Dataset records
━━━━━━
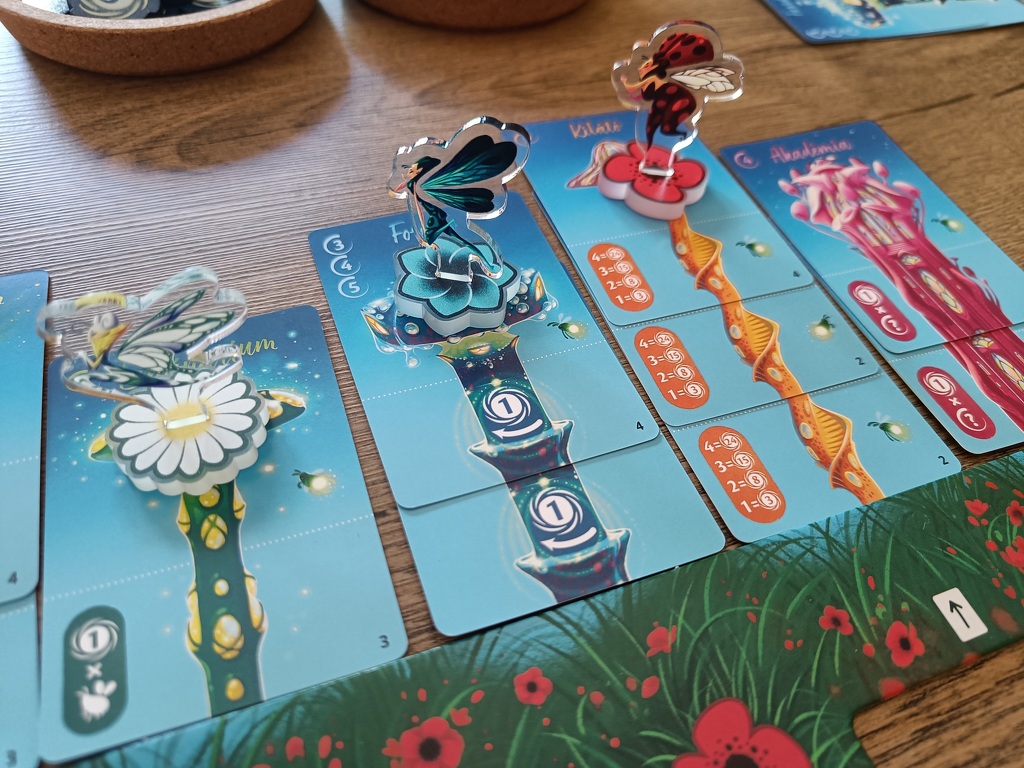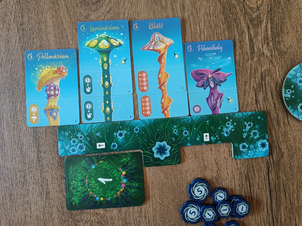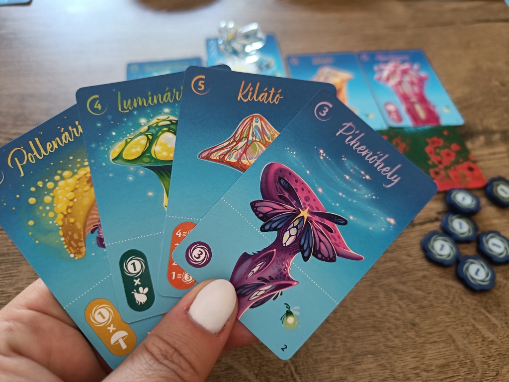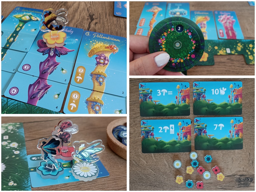 A kártyaválasztást - a körbejáró kártyákon és a gombaválasztási dilemmán kívül - a tündérem aktuális helye is befolyásolja, úgy kell lépnem, hogy a lehető legjobb helyre érkezzen. Ezek a kölcsönhatások és alkalmazkodás folyamatos figyelmet is kérnek. Az, hogy a többi játékos körében is "kaszálunk" rendkívül pozitív interakciót biztosít. A szép komponensek, a rendkívül élénk, mesés stílus igazi varázsvilágba repít minket. A látványos külcsín mögött azonban egy döntésekben bővelkedő, taktikus, de mégis könnyen tanulható családi társasjátékot kapunk.
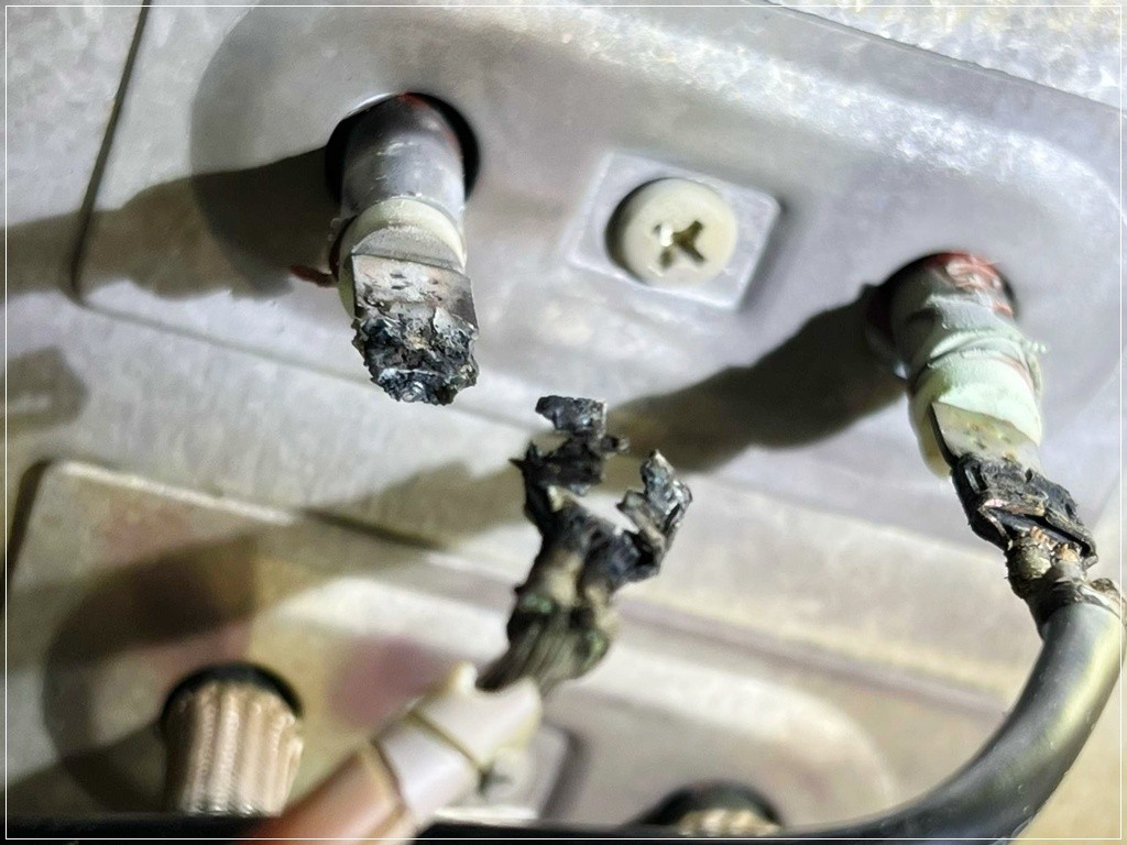 換了線試車,舊電熱管照樣亮,就是接頭熔斷了,俺下面的蓋板就不裝回去了,那樣應該溫度不會高到熔斷接頭。試試看吧。
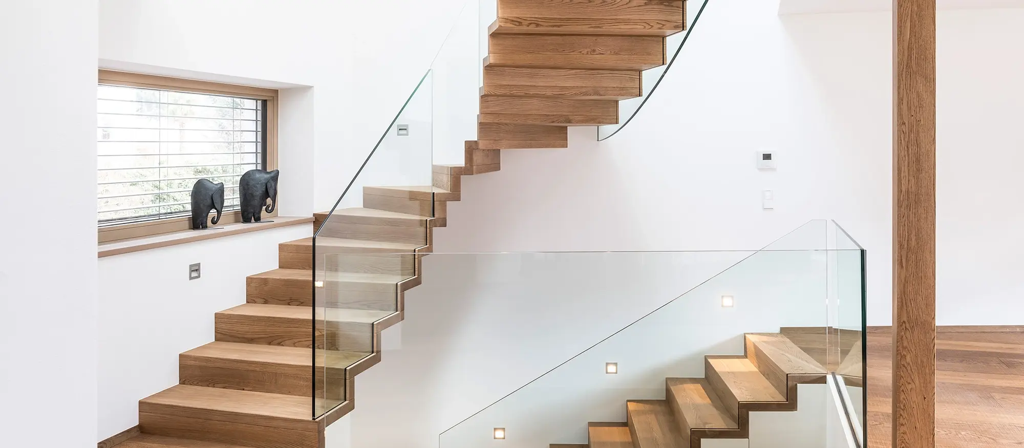 Die Kombination dieser Materialien schafft spannende Kontraste – z. B. eine Holzwangentreppe mit Glasgeländer, eine schwebende Betontreppe mit Holzauflagen oder eine filigrane Stahlkonstruktion mit offenem Charakter.
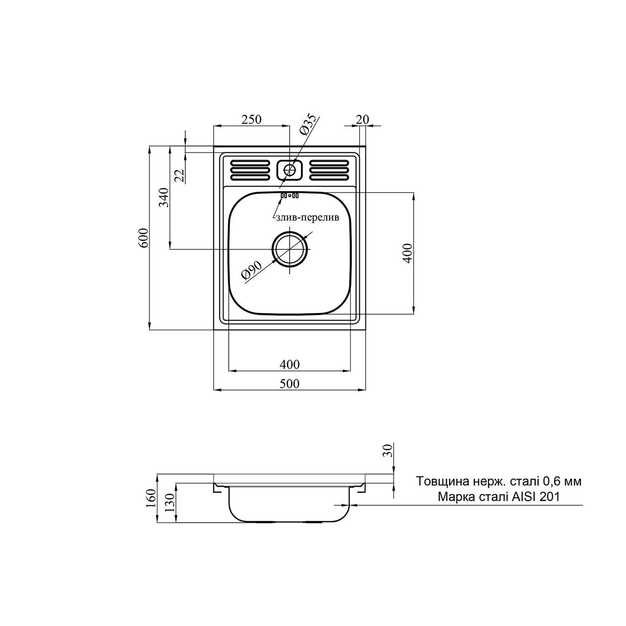 Кухонна мийка накладна Kroner KRP Satin — 6050 (0.6 мм)
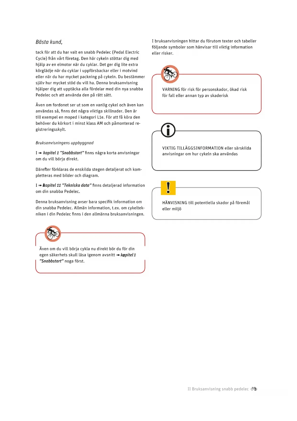 Denna bruksanvising avser bara spefik information om din snabba Pedelec. Allman information, t.ex. om cykeltek-niken i din Pedelec finns i den allmanna bruksanvisingen.
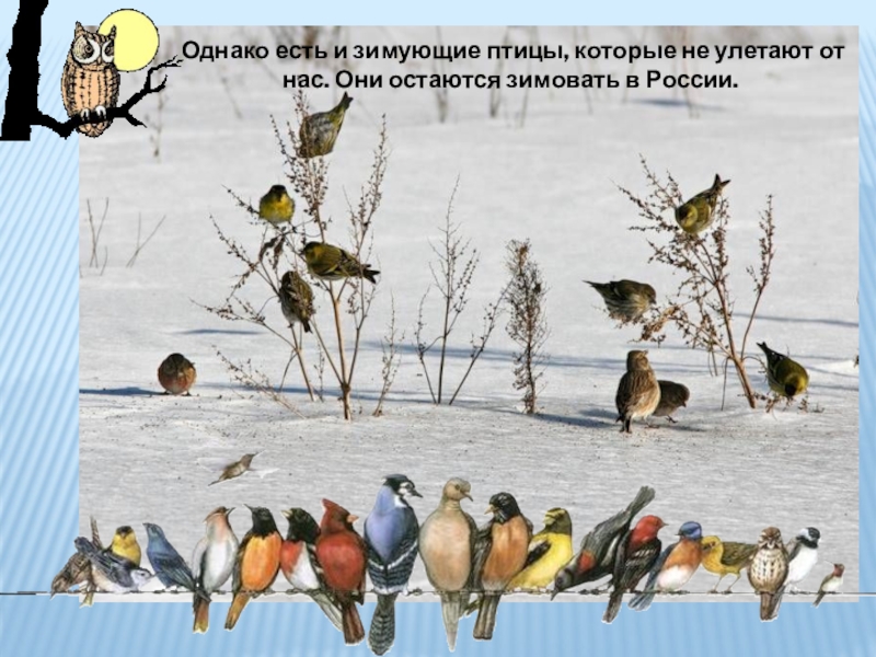 Слайд 2Однако есть и зимующие птицы, которые не улетают от нас. Они
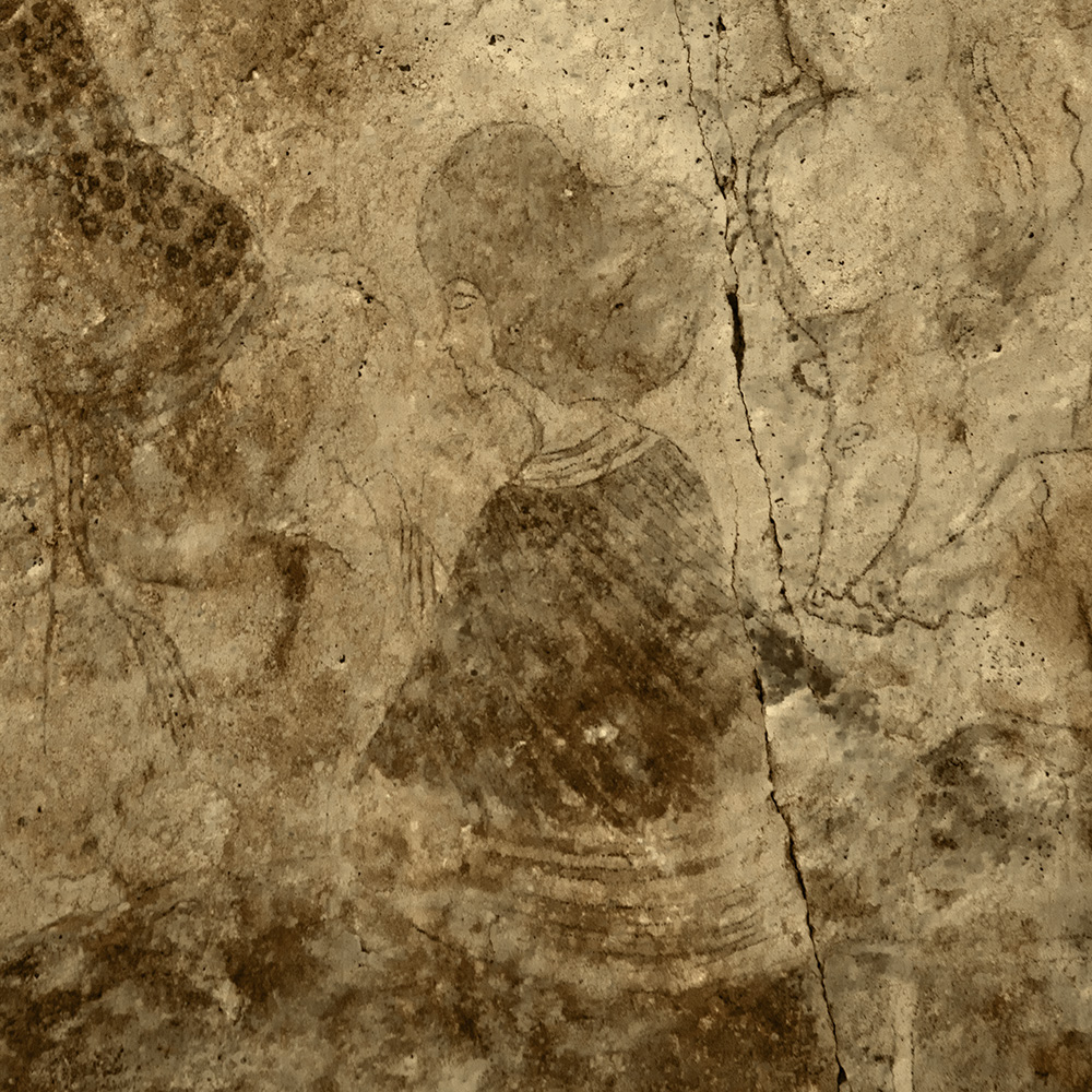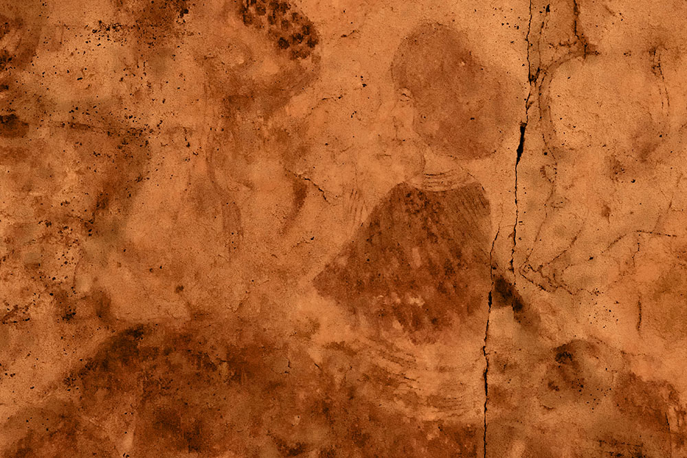 タッシリ・ナジェール、ウワン・ダーバウエンの壁画。全頁と同じパネルの部分。ほのかに青い色がついているように見える。 上2点は画像処理したもので、3点目が。
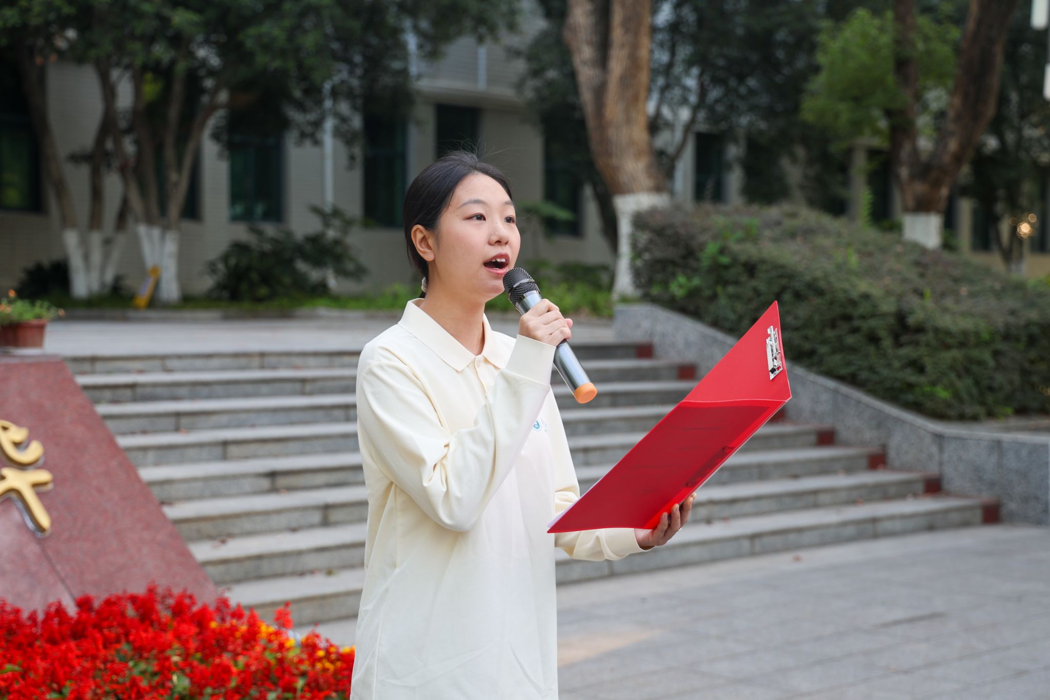外国语学院青年代表、校级红旗团支部英语2202团支部成员、校恽代英青年讲师团代表柳恩溪作国旗下演讲。她结合自身学习经历,号召同学们以青春之我建设青春之中国,展现了新时代青年学子的责任担当。随后,青年代表萨木哈尔、方艺涵等四位同学深情朗诵《美丽中国》。从塞北风光到江南烟雨,从历史长河到新时代画卷,抒发了对祖国的热爱之情。师生合唱《我和我的祖国》将仪式推向高潮,手持红旗的师生用歌声传递深情,在现场上汇聚成一片红色海洋。
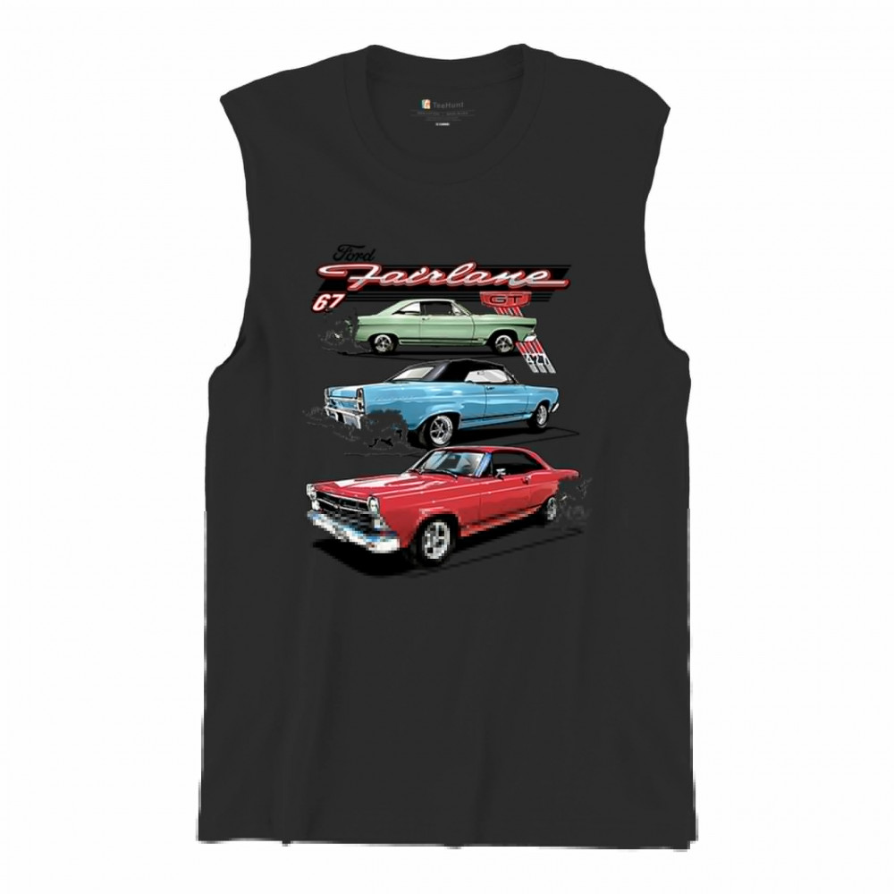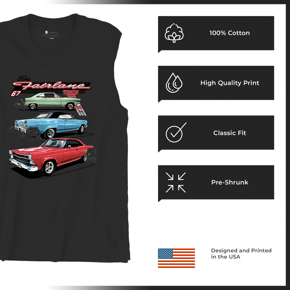Features three 1967 Ford Fairlane GTs with retro burnout style. Great for muscle car fans, Ford collectors, car shows, and vintage meetups.
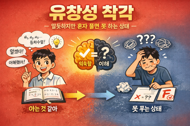 수업을 하다 보면 학생들이 가장 많이 하는 말이 있습니다. “선생님, 이해했어요.” 설명을 할 때 고개를 끄덕이고, 풀이를 보면서는 고개를 크게 끄덕입니다. 그래서 물어봅니다. “정말 이해했어?” 학생들은 자신 있게 말합니다. “네!” 그런데 바로 다음 문제를 풀어보라고 하면 갑자기 연필이 멈춥니다. 아까는 분명 이해했다고 했는데 왜 문제를 풀지 못할까요? 이것을 ‘유창성 착각’이라고 합니다 인지심리학에서는 이런 현상을 **‘유창성 착각(Fluency Illusion)’**이라고 부릅니다. 풀이를 보면 이해가 되는 느낌이 듭니다. 설명을 들으면 알 것 같은 기분이 듭니다. 하지만 그건 실제 이해가 아니라 풀이를 따라간 것뿐입니다. 우....... <img src="https://blogthumb.pstatic.net/MjAyNjAzMDVfMTQx/MDAxNzcyNjkyOTE1MDE2.7cfdVc-hTLo6XE0Psn6H9pqkdEoqw5e4Fpn-MD3I6fUg.7yiuuvGafhJe9AsTS_y3fRjZ3cZQGwJ28sEwiZIIGjYg.PNG/ChatGPT_Image_2026%B3%E2_3%BF%F9_5%C0%CF_%BF%C0%C8%C4_03_41_41.png?type=s3" />
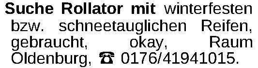 Suche Rollator mit winterfesten bzw. schneetauglichen Reifen, gebraucht, okay, Raum Oldenburg, ‡ 0176/41941015.Kontakt
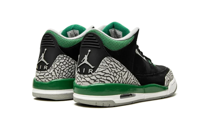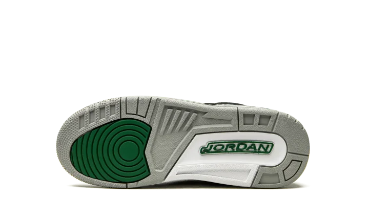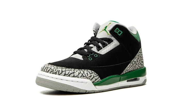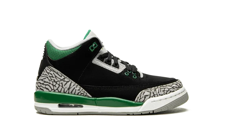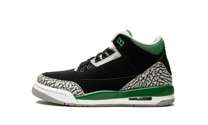 The Air Jordan 3 GS "Pine Green" is the kids sizing of Michael Jordan's third signature shoe in a colorway that shows appreciation to the look of an Oregon Ducks Player Exclusive model. In no way affiliated with the Nike sponsored university, the "Pine Green" is nonetheless a worthy tribute to the many classic Oregon Duck Player Exclusive colorways as the shoe is arranged in the same black, grey, and green color block of several hard-to-come-by Oregon PEs. The upper features a black tumbled leather construction with grey elephant print on the toe and heel. Pine Green accenting comes into play on the painted mudguard on the sides and on the dotted leather collar, top eyelets, and Jumpman on the grey leather tongue. A white Jumpman with an "Air" logo is found on the heel. A small visible Air bubble appears in the heel of the white midsole. Release date: November 11, 2021
━━━━━━
# [TASK REQUIREMENTS]
Take the line that holds "Suche Rollator mit" as the start and the last line of the data as the end. Copy only those lines exactly, both ends included, except the pictures.

# [ANSWER SECTION]
 Suche Rollator mit winterfesten bzw. schneetauglichen Reifen, gebraucht, okay, Raum Oldenburg, ‡ 0176/41941015.Kontakt
 The Air Jordan 3 GS "Pine Green" is the kids sizing of Michael Jordan's third signature shoe in a colorway that shows appreciation to the look of an Oregon Ducks Player Exclusive model. In no way affiliated with the Nike sponsored university, the "Pine Green" is nonetheless a worthy tribute to the many classic Oregon Duck Player Exclusive colorways as the shoe is arranged in the same black, grey, and green color block of several hard-to-come-by Oregon PEs. The upper features a black tumbled leather construction with grey elephant print on the toe and heel. Pine Green accenting comes into play on the painted mudguard on the sides and on the dotted leather collar, top eyelets, and Jumpman on the grey leather tongue. A white Jumpman with an "Air" logo is found on the heel. A small visible Air bubble appears in the heel of the white midsole. Release date: November 11, 2021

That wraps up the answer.